His hand came to rest just above my knee, and it was warm through the thin washable silk of my trousers. “I love you.
Whatever you’ve done before, or whatever you do in the future.”

I loosened a few buttons on his shirt so I could slip my hand inside. “That sounds like a line from a romance novel.”

His breath huffed against my hair. “I’ve spent a lot of time in airports and on planes. I’ve read my share of romances.”

“Why me?” I asked, shamelessly angling for compliments to take away the sour memories of my mother’s words and what had happened in the parking lot after work.

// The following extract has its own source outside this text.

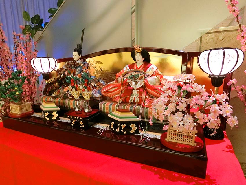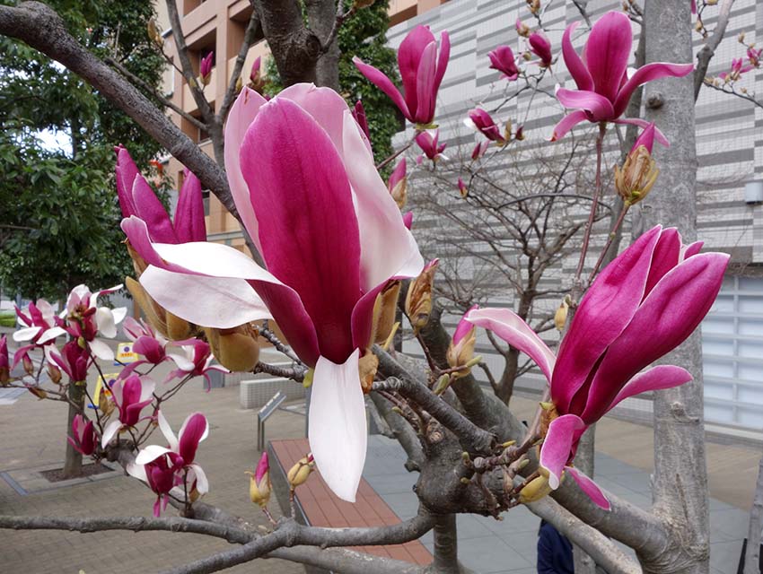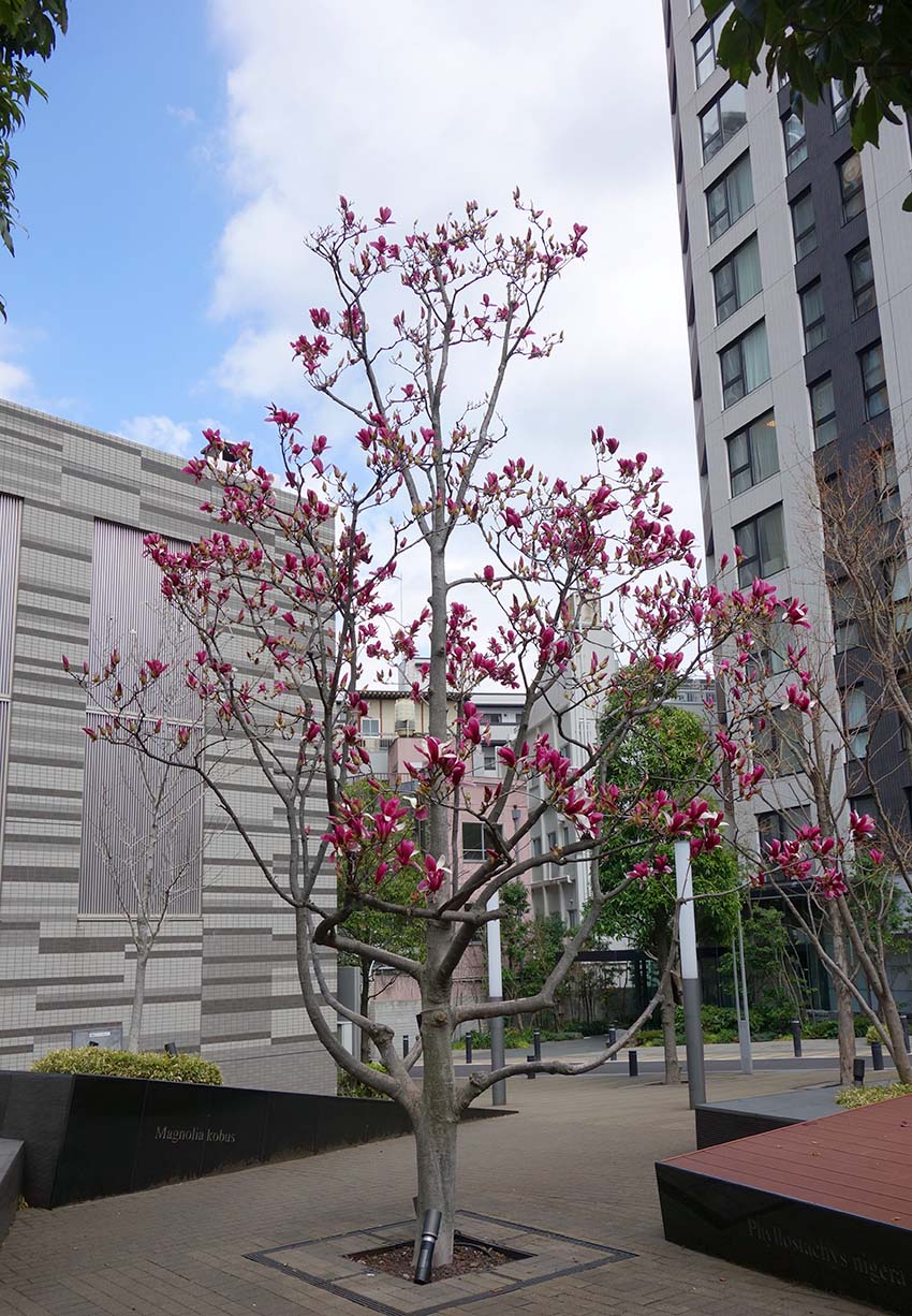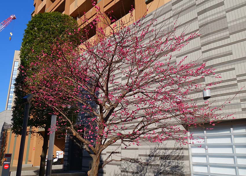 住宅棟「プラウドタワー千代田富士見」のゲートの両脇で花開く紅梅&白梅

Alex shifted my weight on his legs. “You ate pot stickers for breakfast.”

I sat back to look at his face. “That’s not the answer I was expecting.”

“And because you’re one of the most beautiful women I’ve ever seen,” he added. “And because your talent blew me away the first time I saw those photos you took. Because you can almost kick my ass at
Dance Dance Revolution,
but not quite. But really, it was the pot stickers.”

I had to laugh at that, for how ridiculous is it that food had led to love? “Why?”

He shifted again and I got off his lap onto my own chair again. He laughed and swirled another slice of bread through the oil on his plate and handed it to me. “I’ve spent a lot of time around people who think their entire value is tied up in their body mass index. Men who obsess about their workouts to the point they can’t talk about anything but cardio and reps. Women who think emaciation is sexy.”

I raised a brow. “So in other words, you’re trying to tell me I’m—”

“Voluptuous,” he interjected. “Pneumatic. Curvy. Gorgeous.”

I looked down at my breasts and shifted to glance at my thighs. “Uh-huh.”

“My point is, none of the women—or men—I’ve been with for the past few years would’ve eaten a pot sticker for breakfast.”

“Sounds like you’ve spent a lot of time with the wrong people.”

He shrugged. “I don’t have a lot of friends, Olivia. Not real friends. But I have a fuck-ton of money, and had nobody to spend it on but myself. It’s easy to get caught up in a lifestyle.”

I had no problem seeing what he meant. I pushed the platter toward him half an inch. “People who care about brand names, for example?”

He smiled. “Baby, for the people I was hanging with, Crate and Barrel would be slumming.”

I thought of the scarf he’d been willing to leave behind and replace with another. “You won’t find too much of that sort of thing here in Annville.”

He grinned and shook his head. “Tell me about it. I have a serious hard-on for a really good plate of Indian food and a bookstore. Fuck, I think I’d slap an old lady with a fish to have a really good bookstore around here.”

“Slap an…” I goggled, then giggled.

It was that way with him; one minute we were talking about the mysteries of life and the next he had me breathless with laughter.